Later, her tone is almost dismissive of the act of recording what now appears as random and useless, “What is this business about ‘shopping, typing piece, dinner with E, depressed’? Shopping for what? Typing what piece? Who is E? Was this “E” depressed, or was I depressed? Who cares?” (134). As someone who has kept a journal at different times, I completely understand this sentiment. Despite the thoughts having come from my own mind, when too much time has passed and I re-read them, they appear foreign, sometimes inane, and often—pointless. She delves deeper as she discusses what she feels is the truth uncovered in a notebook and how it is intrinsically linked to our own slant on things. She tells us that her family frequently called her out on “what some would call lies” and writes,

Very likely they are right, for not only have I always had trouble distinguishing between what happened and what merely might have happened, but I remain unconvinced that the distinction, for my purposes, matters. …How it felt to me: that is getting closer to the truth about a notebook. (134)

One conclusion Didion draws about the reason for keeping a notebook is stunning in both its truth and its simplicity, “Remember what it was to be me: that is always the point.” Her description of the minutiae that sometimes appears in one’s notebooks is elegant; “…we are talking about something private, about bits of the mind’s string too short to use, an indiscriminate and erratic assemblage with meaning only for its maker” (136). She believes it’s useful to revisit our notes because they keep us tethered to our younger selves and that this is at the very heart of keeping a notebook. She writes, “I think we are well advised to keep on nodding terms with the people we used to be, whether we find them attractive company or not” (139).


As I read more of Didion’s essays, I became curious about how others have perceived her work over the years. I was fortunate to happen upon an article in Vanity Fair written in 2016 in which the writer, Lili Anolik appears to have captured the very essence of Didion as a “cultural icon” and as a writer. She is quick to include a codicil however, warning that she could be guilty of “misapprehension.” Still, her assessment of Didion, the woman, feels accurate:

She’s cool-eyed and cold-blooded, and that coolness and coldness—chilling, of course, but also bracing—is the source of her fascination as much as her artistry is; the source of her glamour too, and her seductiveness, because she is seductive, deeply. What she is, is a femme fatale, and irresistible. She’s our kiss of death, yet we open our mouths, kiss back.

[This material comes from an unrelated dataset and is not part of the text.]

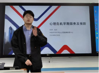 3月8日晚,球王会于三教408教室举办“心理危机早期筛查及预防”专题培训会。会议由球王会官网心理健康教育中心尚文老师主讲,公司心理互助会,预科生、本科生、研究生全体班委、寝室长等人员参加了培训。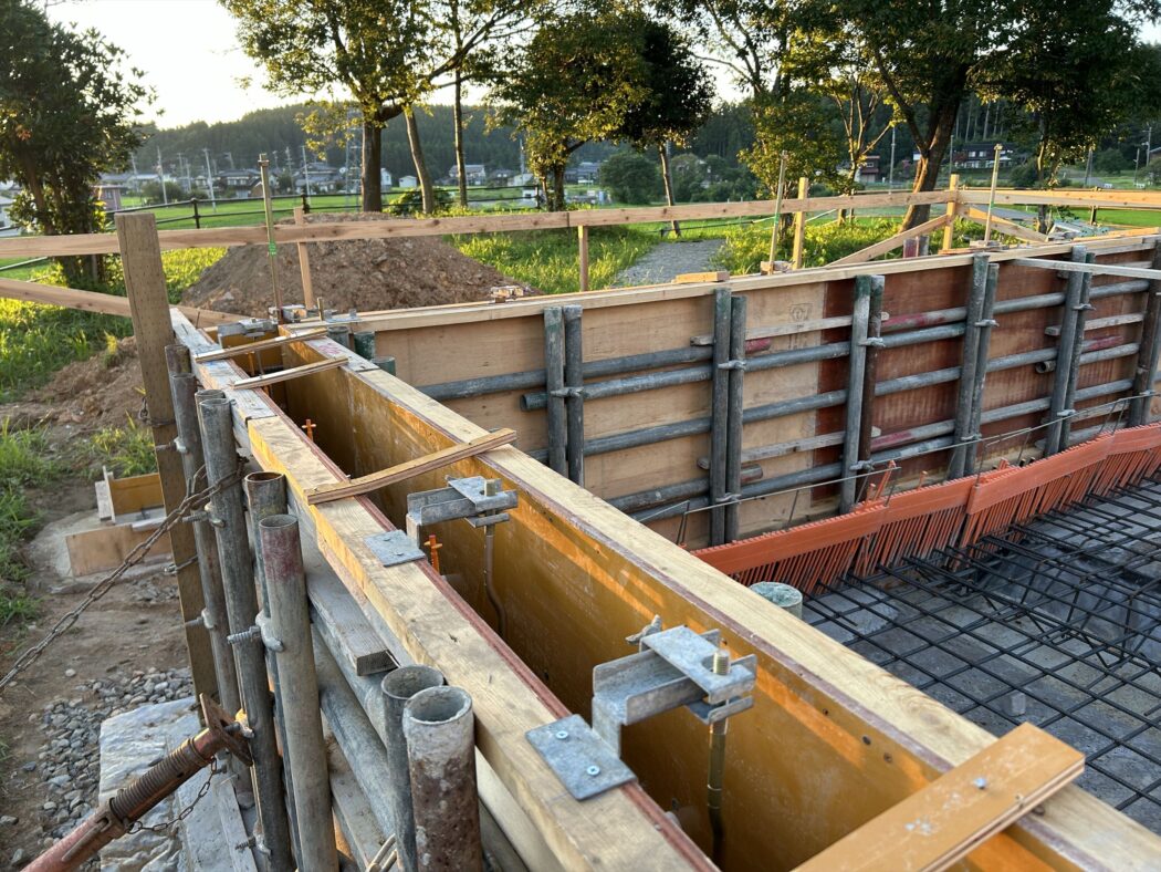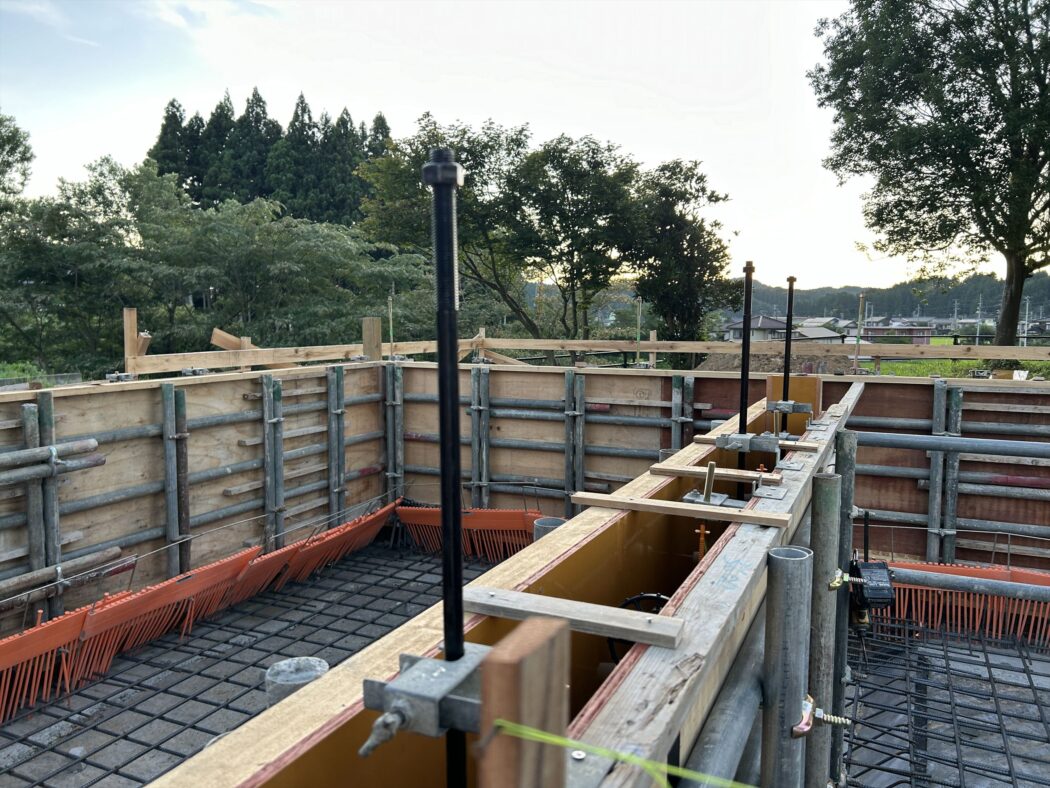 アンカーボルト-型枠監理が完了し、いよいよコンクリート打設へ。

The article begins with a flourish by revealing to the reader that Anolik is in awe of Didion as she includes Didion’s own intention in her writing:

In a 1969 column for Life, her first for the magazine, Joan Didion let drop that she and husband, John Gregory Dunne, were at the Royal Hawaiian hotel in Honolulu “in lieu of filing for divorce,” surely the most famous subordinate clause in the history of New Journalism, an insubordinate clause if ever there was one. The poise of it, the violence, the cool-bitch chic—a writer who could be the heroine of a Godard movie! —takes the breath away, even after all these years. Didion goes on: ‘I tell you this not as aimless revelation but because I want you to know, as you read me, precisely who I am and where I am and what is on my mind. I want you to understand exactly what you are getting.’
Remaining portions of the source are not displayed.